## Problem to solve:
Take from the entries below the stretch from the line with "The Ooze Burger" through the line with "- Les rampes", and return it exactly, leaving the pictures out.

=== Listed records ===

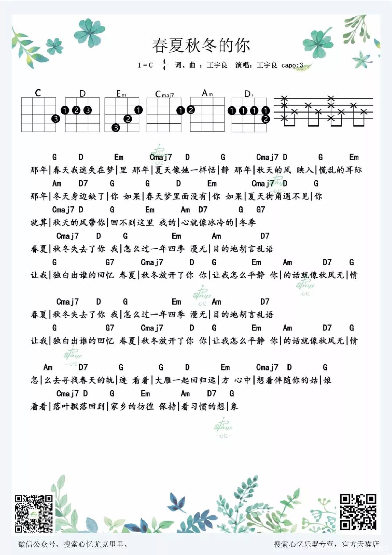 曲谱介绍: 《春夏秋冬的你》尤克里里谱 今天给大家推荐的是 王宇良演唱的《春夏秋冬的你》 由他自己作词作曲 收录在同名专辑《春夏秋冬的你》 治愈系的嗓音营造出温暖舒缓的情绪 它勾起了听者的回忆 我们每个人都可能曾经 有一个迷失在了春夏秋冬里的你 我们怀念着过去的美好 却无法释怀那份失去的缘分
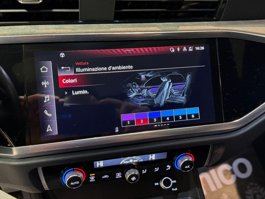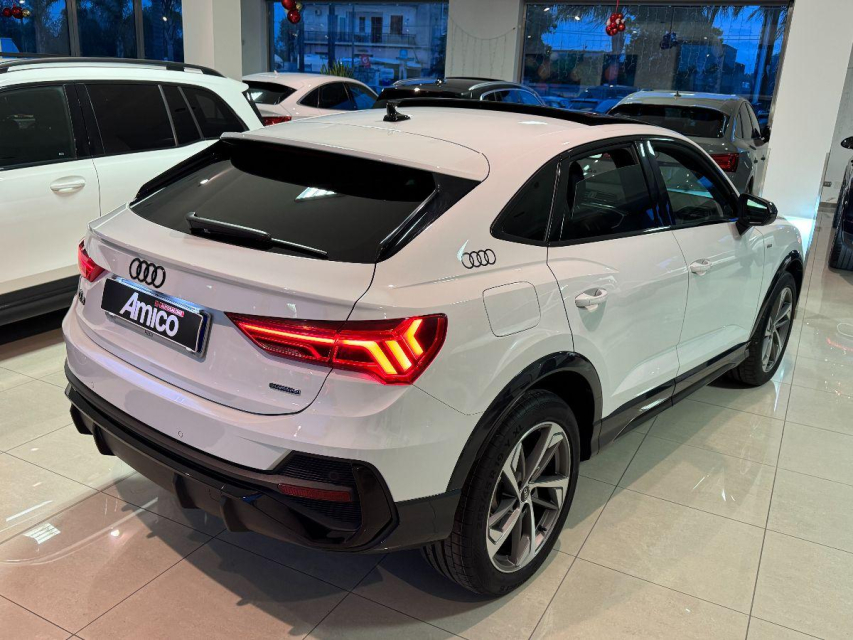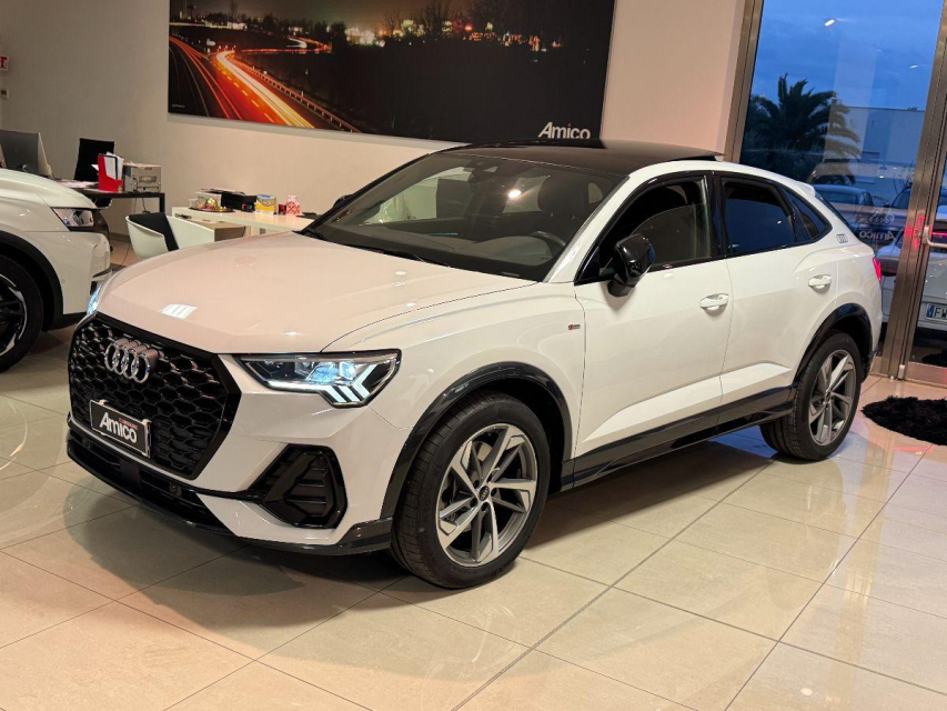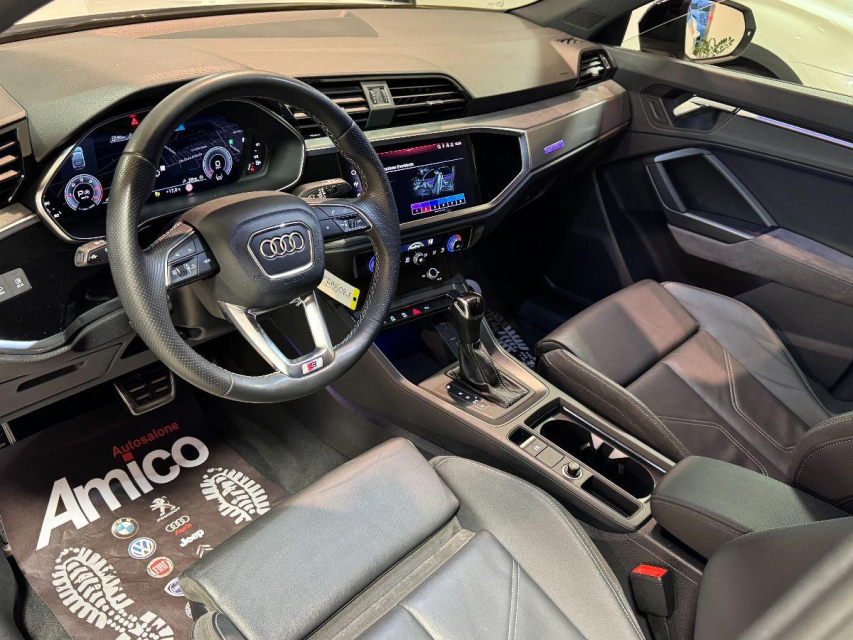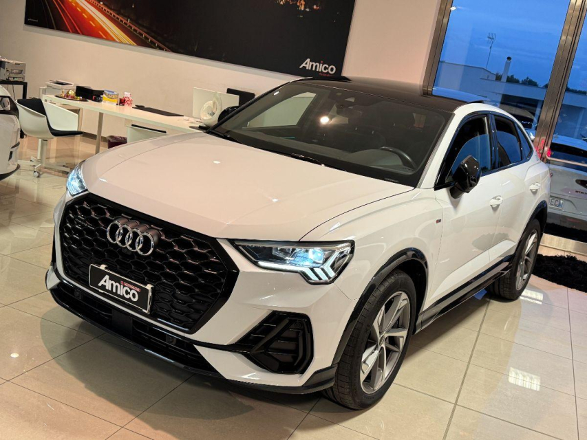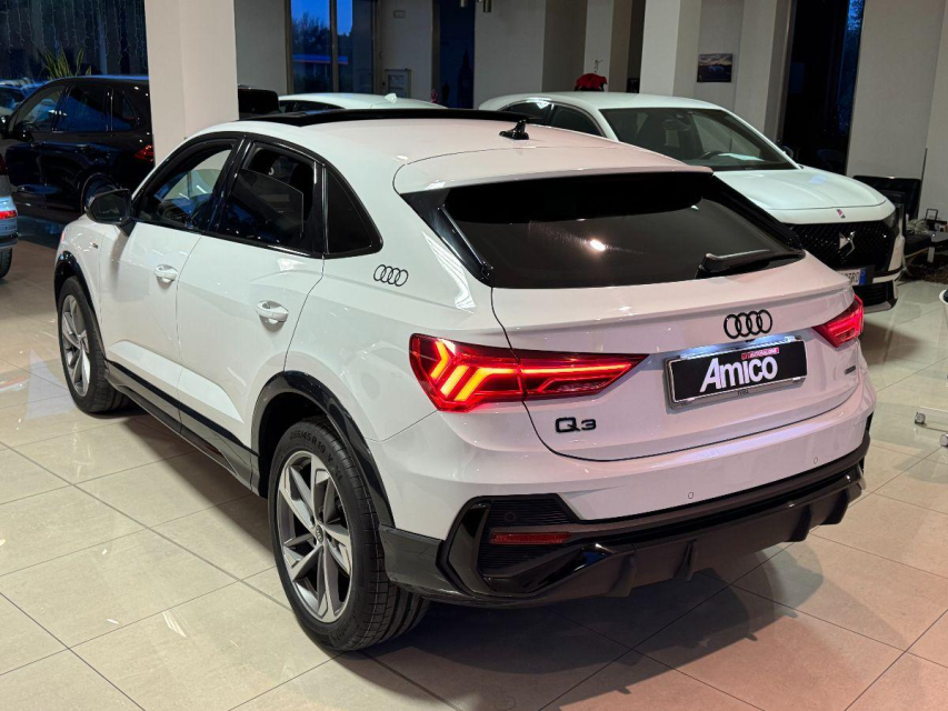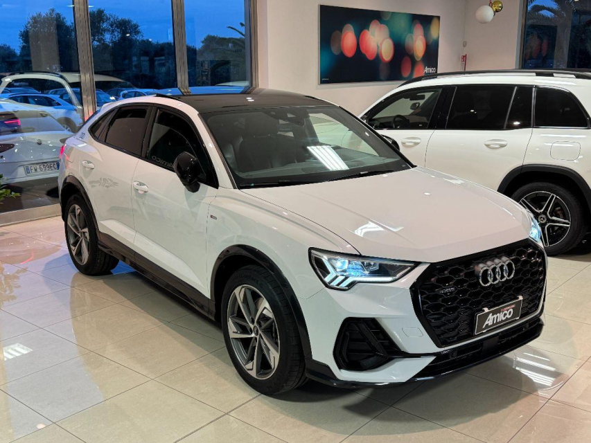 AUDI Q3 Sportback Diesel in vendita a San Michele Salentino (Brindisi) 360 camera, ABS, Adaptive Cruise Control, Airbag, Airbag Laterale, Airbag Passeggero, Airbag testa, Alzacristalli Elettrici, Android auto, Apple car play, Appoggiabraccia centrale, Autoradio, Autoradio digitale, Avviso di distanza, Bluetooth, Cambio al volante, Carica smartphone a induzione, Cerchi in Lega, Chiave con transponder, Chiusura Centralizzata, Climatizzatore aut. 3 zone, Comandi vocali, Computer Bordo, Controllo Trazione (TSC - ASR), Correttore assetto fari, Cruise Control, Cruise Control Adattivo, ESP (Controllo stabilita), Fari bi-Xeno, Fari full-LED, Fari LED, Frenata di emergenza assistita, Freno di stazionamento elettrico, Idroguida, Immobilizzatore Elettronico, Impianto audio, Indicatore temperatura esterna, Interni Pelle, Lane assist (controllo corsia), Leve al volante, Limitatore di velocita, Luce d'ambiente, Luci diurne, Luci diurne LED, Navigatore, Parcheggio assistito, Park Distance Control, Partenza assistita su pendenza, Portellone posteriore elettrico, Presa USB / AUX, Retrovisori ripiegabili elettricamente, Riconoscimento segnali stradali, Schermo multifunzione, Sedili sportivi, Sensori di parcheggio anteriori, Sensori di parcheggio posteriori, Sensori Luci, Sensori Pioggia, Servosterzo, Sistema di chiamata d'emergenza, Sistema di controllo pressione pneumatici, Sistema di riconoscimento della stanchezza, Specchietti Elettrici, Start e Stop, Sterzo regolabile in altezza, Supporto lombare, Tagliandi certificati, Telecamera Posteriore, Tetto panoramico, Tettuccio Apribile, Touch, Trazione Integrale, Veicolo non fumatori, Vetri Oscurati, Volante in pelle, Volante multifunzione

===
=== Listed records ===

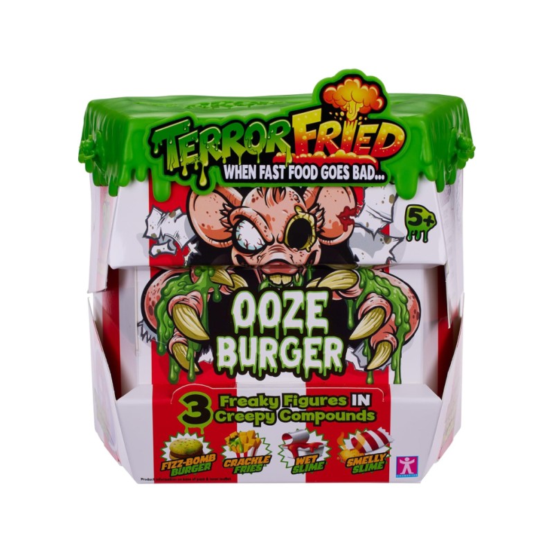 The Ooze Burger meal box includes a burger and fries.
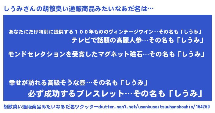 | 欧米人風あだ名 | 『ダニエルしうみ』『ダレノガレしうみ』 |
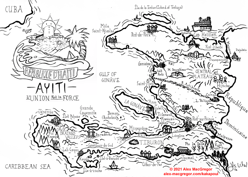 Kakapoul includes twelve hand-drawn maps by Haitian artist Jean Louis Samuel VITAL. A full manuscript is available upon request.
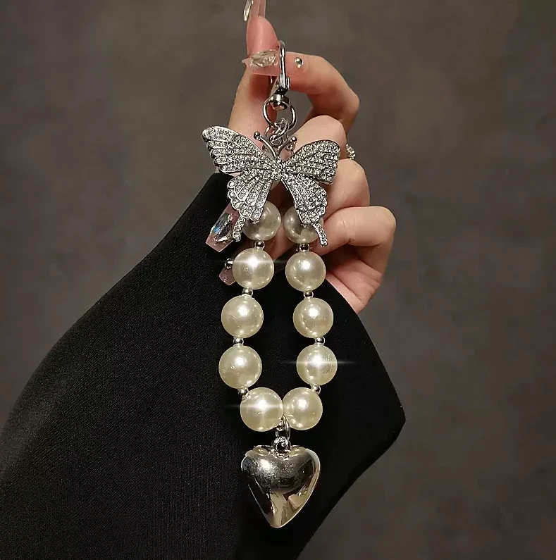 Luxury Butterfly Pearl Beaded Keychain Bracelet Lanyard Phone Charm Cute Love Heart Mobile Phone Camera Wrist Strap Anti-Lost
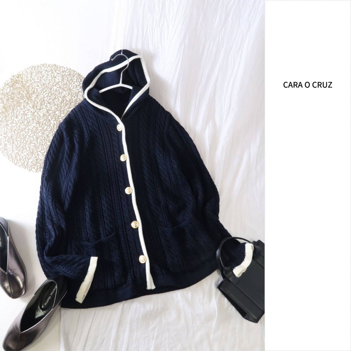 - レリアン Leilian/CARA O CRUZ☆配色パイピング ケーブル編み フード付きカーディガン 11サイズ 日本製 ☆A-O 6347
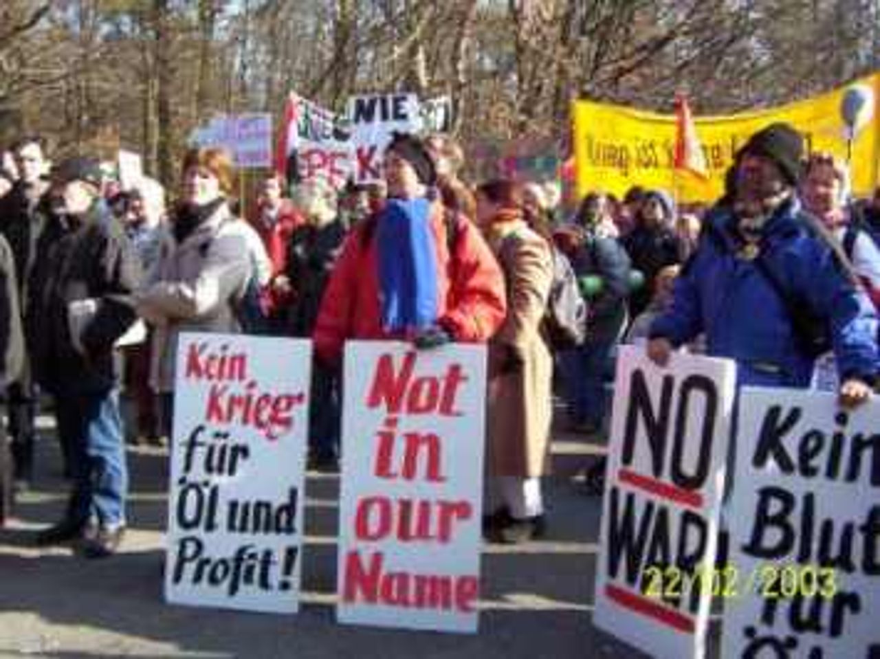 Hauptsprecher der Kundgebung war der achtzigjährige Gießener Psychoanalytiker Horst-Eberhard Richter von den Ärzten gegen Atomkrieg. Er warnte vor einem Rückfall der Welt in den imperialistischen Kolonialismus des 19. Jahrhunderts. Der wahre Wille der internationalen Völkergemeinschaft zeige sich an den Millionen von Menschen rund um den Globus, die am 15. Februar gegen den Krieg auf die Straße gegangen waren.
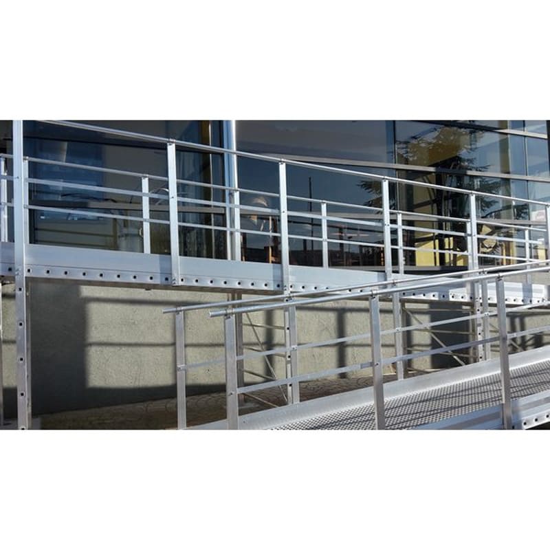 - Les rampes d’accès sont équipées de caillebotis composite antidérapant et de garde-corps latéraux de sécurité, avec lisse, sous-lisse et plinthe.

===

## Written response:
 The Ooze Burger meal box includes a burger and fries.
 | 欧米人風あだ名 | 『ダニエルしうみ』『ダレノガレしうみ』 |
 Kakapoul includes twelve hand-drawn maps by Haitian artist Jean Louis Samuel VITAL. A full manuscript is available upon request.
 Luxury Butterfly Pearl Beaded Keychain Bracelet Lanyard Phone Charm Cute Love Heart Mobile Phone Camera Wrist Strap Anti-Lost
 - レリアン Leilian/CARA O CRUZ☆配色パイピング ケーブル編み フード付きカーディガン 11サイズ 日本製 ☆A-O 6347
 Hauptsprecher der Kundgebung war der achtzigjährige Gießener Psychoanalytiker Horst-Eberhard Richter von den Ärzten gegen Atomkrieg. Er warnte vor einem Rückfall der Welt in den imperialistischen Kolonialismus des 19. Jahrhunderts. Der wahre Wille der internationalen Völkergemeinschaft zeige sich an den Millionen von Menschen rund um den Globus, die am 15. Februar gegen den Krieg auf die Straße gegangen waren.
 - Les rampes d’accès sont équipées de caillebotis composite antidérapant et de garde-corps latéraux de sécurité, avec lisse, sous-lisse et plinthe.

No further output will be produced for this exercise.